It’s Been A While…I know…sorry.
But I’ve been traveling constantly this last two months; Wisconsin, Chicago, Ohio, Arizona, Pittsburgh, Arizona (again), Laguna, São Paulo Brazil, Dallas, Oklahoma and Vegas. I agree. It’s ridiculous. Nobody needs to go to some of those places and I’ll leave you to decide the ones you may want to skip.
- Fall in Wisconsin
- Dawn in Chicago
- The smallest bathroom in Ohio – they had to cut the ‘DOOR’ in half.
- Arizona where they have proper bathrooms too.
- The view from the hotel bedroom in Pittsburg.

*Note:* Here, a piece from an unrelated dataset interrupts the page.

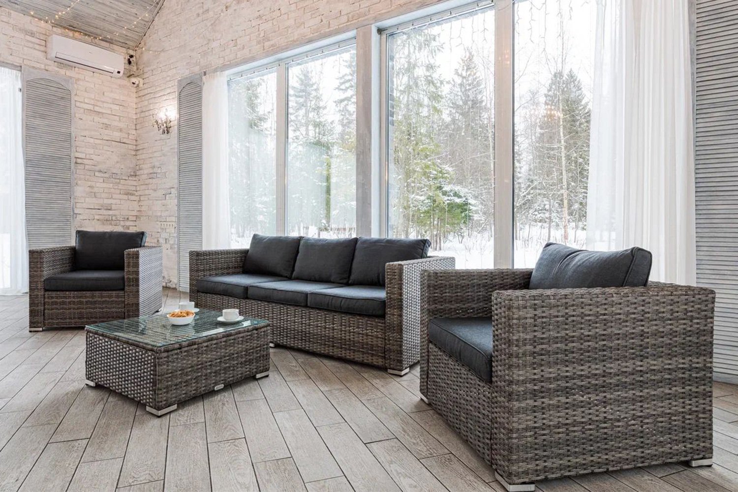 Мебель – важная часть любого обустройства пространства. И особенную роль она играет для зоны отдыха. Мебель «Карл» серого цвета – готовый набор мебели для размещения 5 человек в одном месте с небольшим столиком для напитков. Этот набор подойдет для использования в помещении, и даже на улице, причем в любой сезон – зима или лето.

- Arizona – different hotel, same mountains
- Laguna at sunrise
- Packing for onward journey
- São Paulo from the hotel – not exactly carnival!

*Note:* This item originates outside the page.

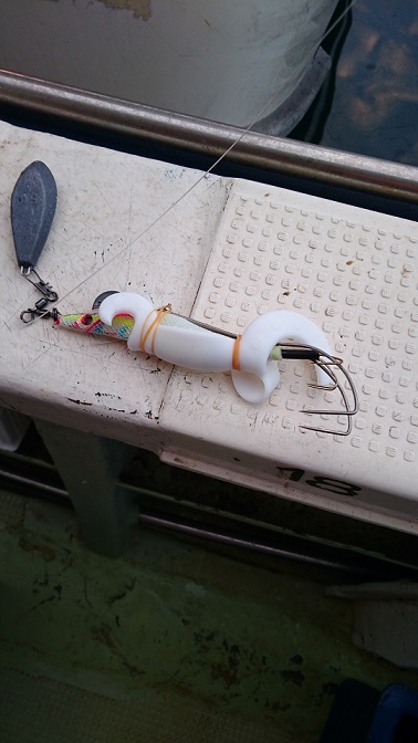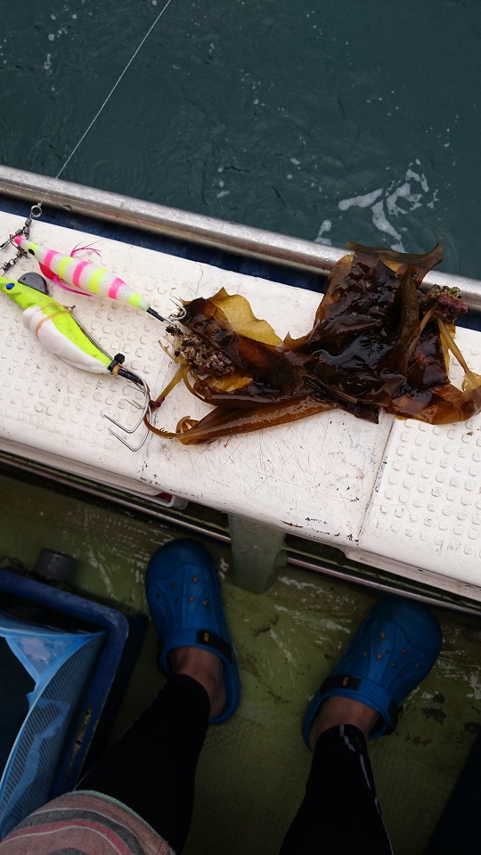 当日のポイントは東二見で水深は7~14mで底は砂地が多く底にワカメが生えているのでスッテを使うとワカメだらけになるので注意!!

- Food in First Class airport lounge in São Paulo
- As seen in hotel foyer Dallas. Did she get dressed too quickly?
- The lovely housekeeper in Dallas who dressed up to show us what she would wear to meet the queen
- The view from the Skirven Hotel suite in Oklahoma …
- The Blue Man Group premier Vegas
- My three dollar win
I learned (at thirty-five thousand feet in the air) that we still have the same President. I made it to thirty-six thousand feet without the aid of the pilot.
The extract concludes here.